The first is to exhibit at a tradeshow. There are shows that cover the gift market in general like NY Now or the Buyer’s Market of American Craft. And there are more industry-specific shows like The National Needle Arts Association Trade Show and the National Stationery Show. The benefit is that you’ll have days of exposure to store owners across the country. And what’s better is that they’re in the right frame of mind–they’re coming to the show because they want to buy. The downside is that these shows can be a huge commitment in terms of both time and money. So it’s not really ideal if you just want to test the waters.

If this is something you’re seriously considering, I would recommend walking the show before applying to exhibit.
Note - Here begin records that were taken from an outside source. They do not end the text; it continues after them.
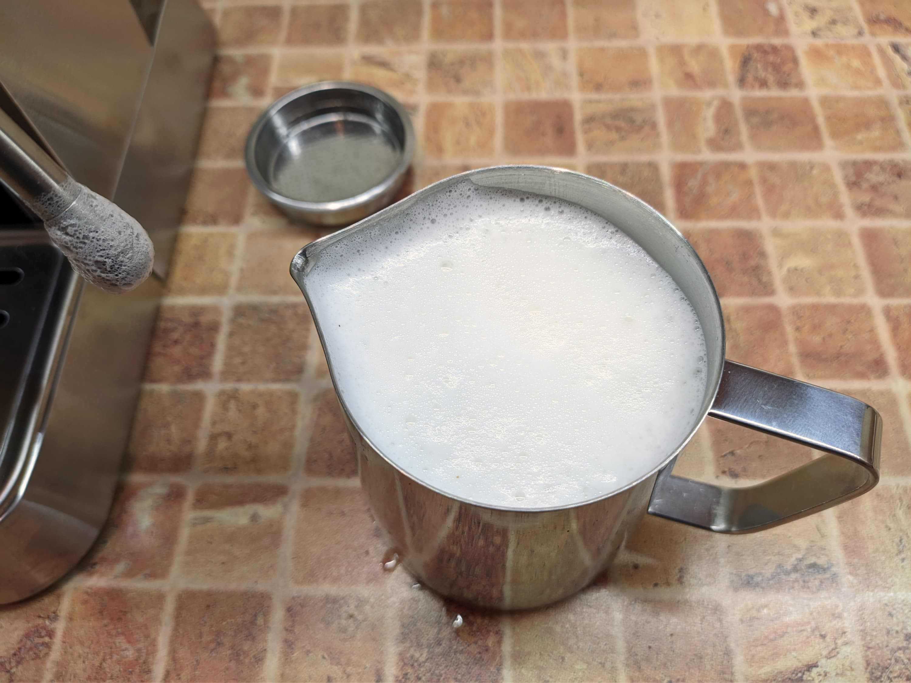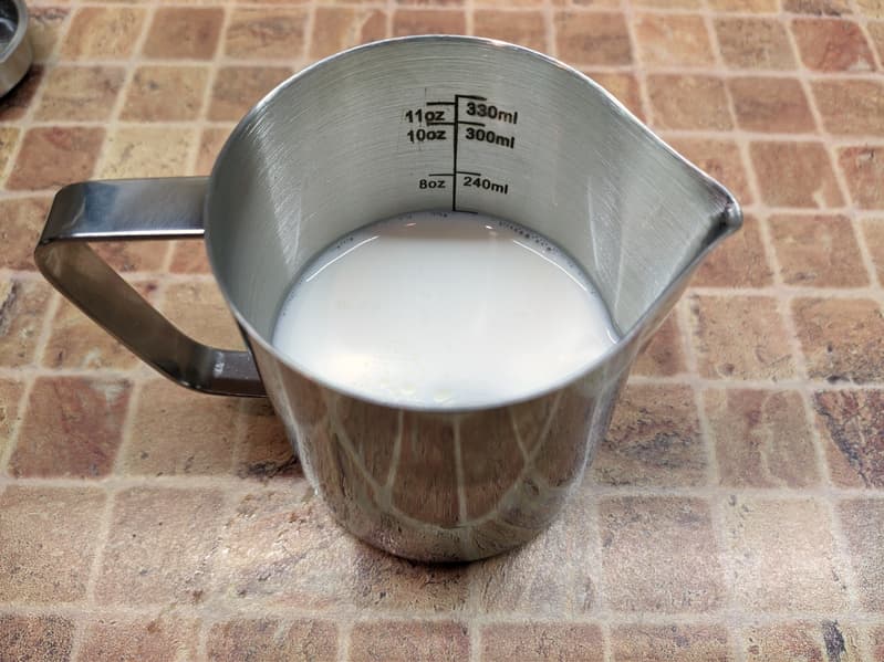 Что ж, теперь попробуем взбить молоко. Для этого мы взяли 200 мл молока из холодильника, поместили в питчер и включили подачу пара, предварительно слив из капучинатора небольшое количество воды и опустив сопло капучинатора в молоко, чтобы избежать ненужных брызг. На подготовку к подаче пара у кофеварки ушло 25 секунд.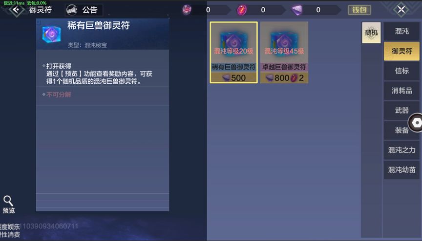 混沌御灵符获取方式:混沌内的拟换魔脑购买,魔方,天魔灵视,世界之理,御灵符等等开启获得。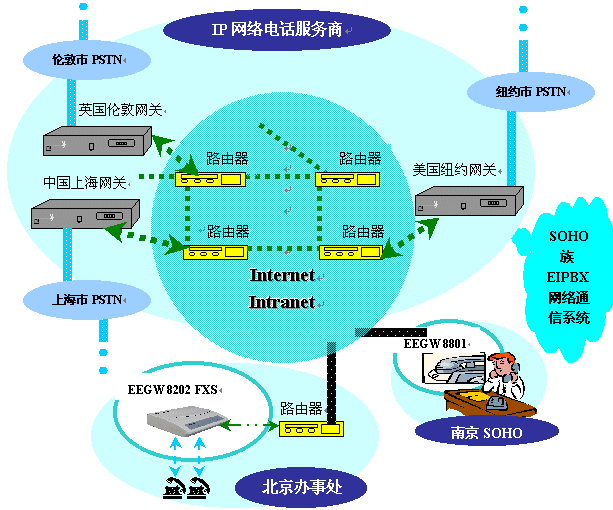目前,在全球各地蓬勃發(fā)展起一項(xiàng)新興行業(yè)——IP網(wǎng)絡(luò)電話服務(wù)商,他們利用遍布全球、資源豐富的Internet / Intranet網(wǎng)絡(luò),組織自己的IP電話核心網(wǎng)絡(luò),將該網(wǎng)絡(luò)的服務(wù)開放給各地的公眾。其核心網(wǎng)絡(luò)的網(wǎng)關(guān)完全遵照ITU-T H.323標(biāo)準(zhǔn),可以解決電話號碼與IP地址的映射,IP地址解析,路由尋路等問題。能夠?qū)崿F(xiàn)SOHO族通過該網(wǎng)絡(luò)接入全球各地的市話。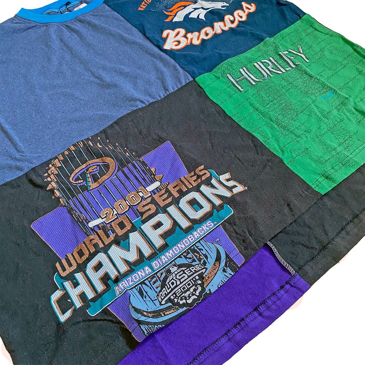 8枚の ユーズドTシャツを使ってパッチワークしてBIGサイズにリメイク。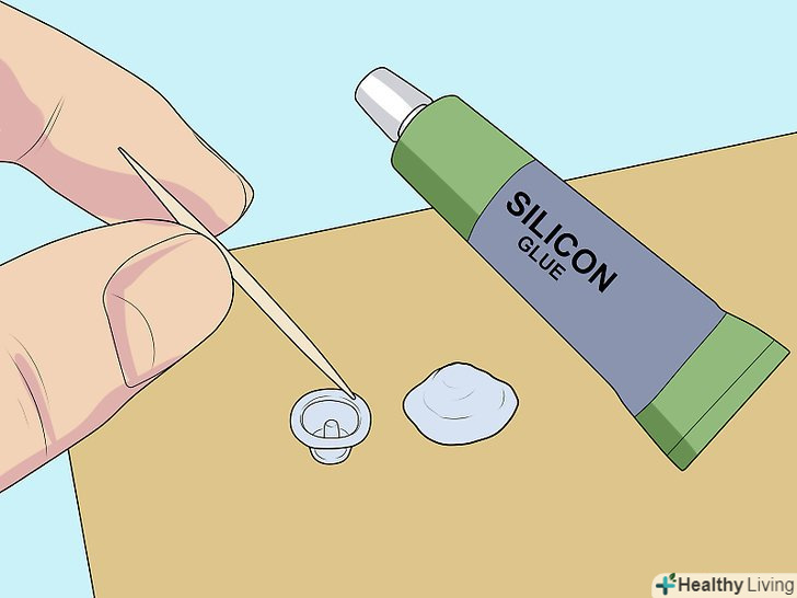 Приклейте нову гумку.перш ніж почати, ви повинні зрозуміти, що це досить ризикований крок, і якщо ви нанесете занадто багато клею, це може зіпсувати клавішу. Для більшої надійності краще віднести клавіатуру в комп'ютерну майстерню і замінити її всю. Якщо ви вирішите полагодити все самі, зробіть наступне:- дуже обережно видаліть гумку з клавіші, якою ви не користуєтеся, піднявши її гострим ножем.[3] Так можна дуже легко пошкодити гумку, але це практично єдине джерело змінних гумок.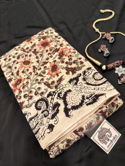 Experience the timeless charm of Indian craftsmanship with our Kalamkari Handblock Printed Sarees — each piece a masterpiece of art, patience, and heritage.

While most shows are closed to the public, you can email the sales office to request a guest badge. Any reputable show will understand that you want to check it out to make sure
it’s a good fit.

The more manageable way to break into wholesale is to reach out to stores one at a time. Do some research in your local area or online to find shops that would be a good fit. Ask yourself, does the store’s aesthetic suit my line’s aesthetic? Is my price point a good match? Are they already carrying items that are very similar to mine? Your best bet is to find a store whose products complement what you offer but don’t overlap. For example, a store that offers fresh, fun home décor items like throw pillows, rugs, picture frames, and candles would be a good fit for someone who makes lampshades.

I strongly advise contacting stores via email. Do not pop by and put them on the spot. Store owners are very busy people and if they’re not helping a customer than they’re writing purchase orders, receiving new inventory, arranging displays, or doing 1000 other tasks. They may be polite to
walk-ins but it’s not the way to put your best foot forward.
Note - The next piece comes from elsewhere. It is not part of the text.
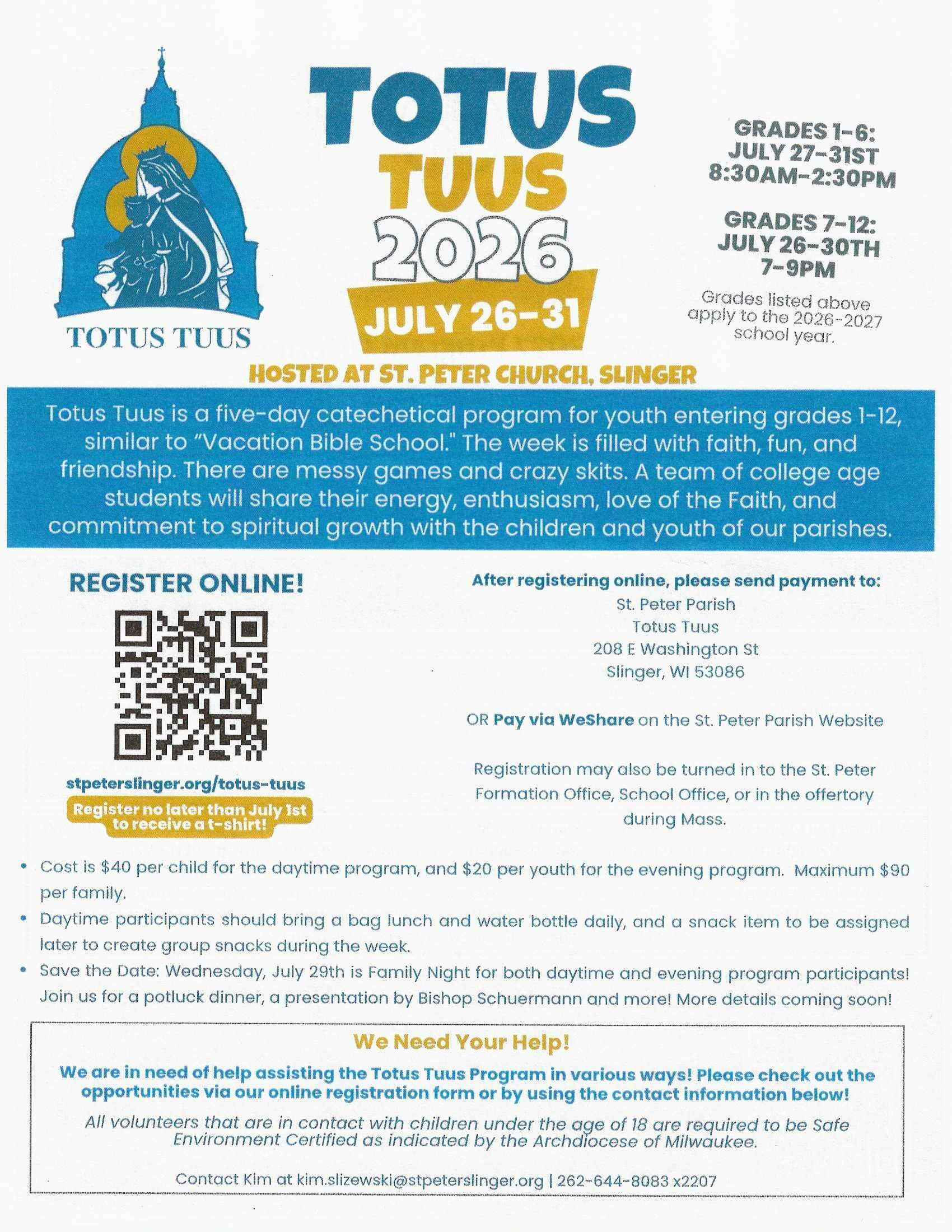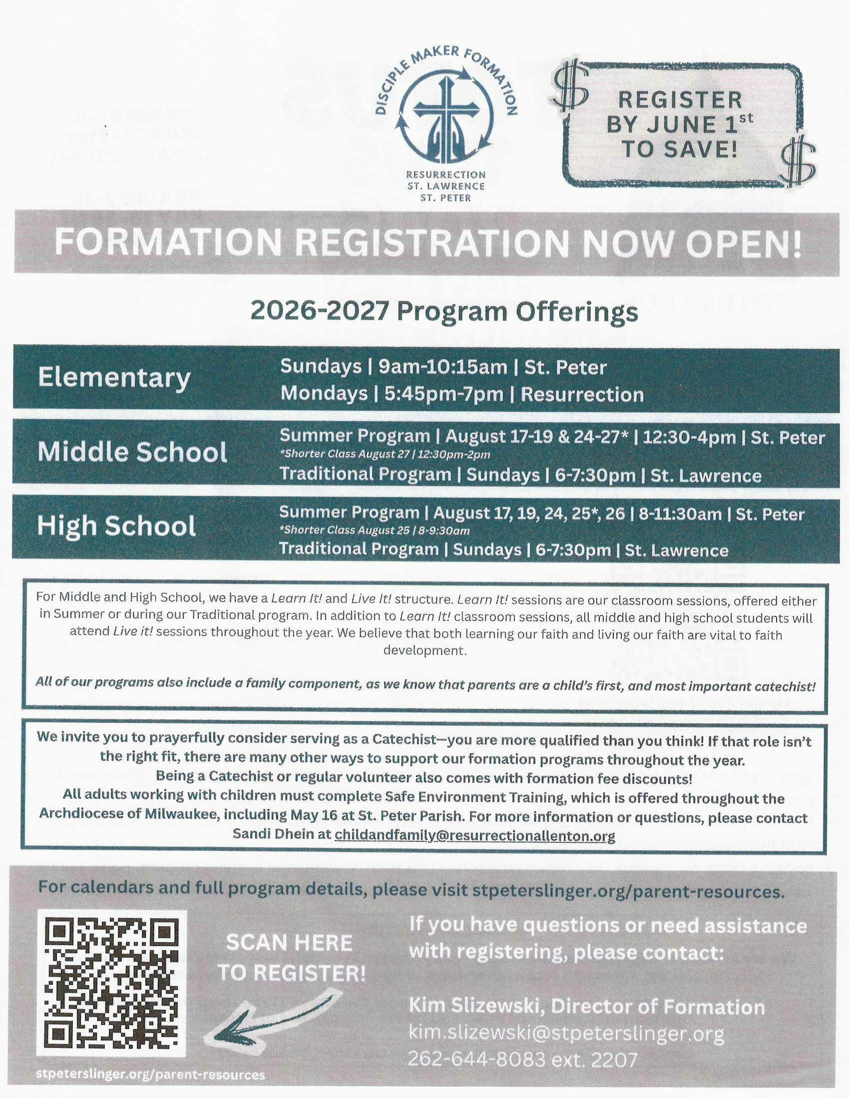 Reach out to one of the Faith Formation Staff members for more information on these opportunities.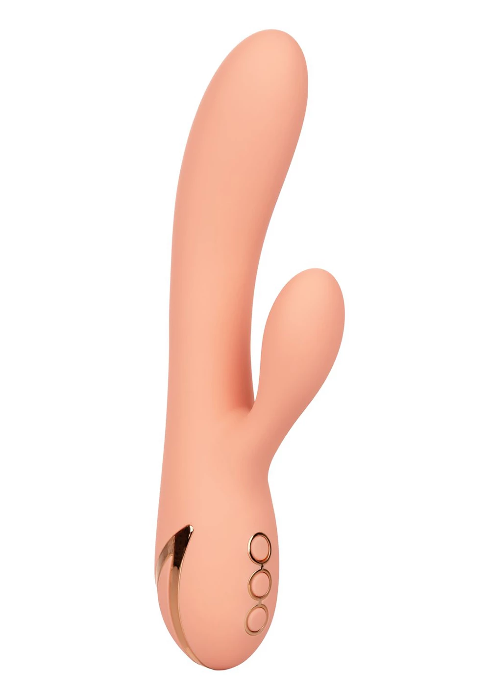 Monterey Magic offers 10-functions of gyrating motion in the stimulator with 3 speeds of independent shaft vibration allowing you to experience pleasure sensations with just two little buttons (one controlling the stimulator, the other for the shaft). A third button controls the power, with an included three-second-press travel lock.

Your email should include a great product shot, a short introduction to your company or product line, and a way they can contact you for more information. Make sure to let them know that you have a line sheet available if they want one. It also helps to mention something specific about their store (for example, a line that they already carry that would merchandise well with yours) so they know you are writing just to them and not sending out a form letter.

The majority of the time, you will not receive a response and there are several reasons for this. The obvious one is that the owner feels your line is not a good fit for the store. But the other possibilities are:
• They were overwhelmed with emails at that time and never read yours.
• They are interested and meant to write back but got too busy.
• It’s the wrong time of year. (Don’t pitch Christmas products in October, stores have already done their holiday buying for the season.)
• They don’t have any open to buy at the moment (meaning they’re already spend their budget buying other things).
• They have too much existing inventory in your product category and need to work through it before taking on new brands.

I write these things, not to discourage you, but to give some insight into the shop owner’s perspective. The bottom line is that you should not give up. Keep writing to stores on a quarterly basis but be sure to highlight the new items in your line. Stores are always on the lookout for the latest and greatest and there’s no reason why that can’t be you.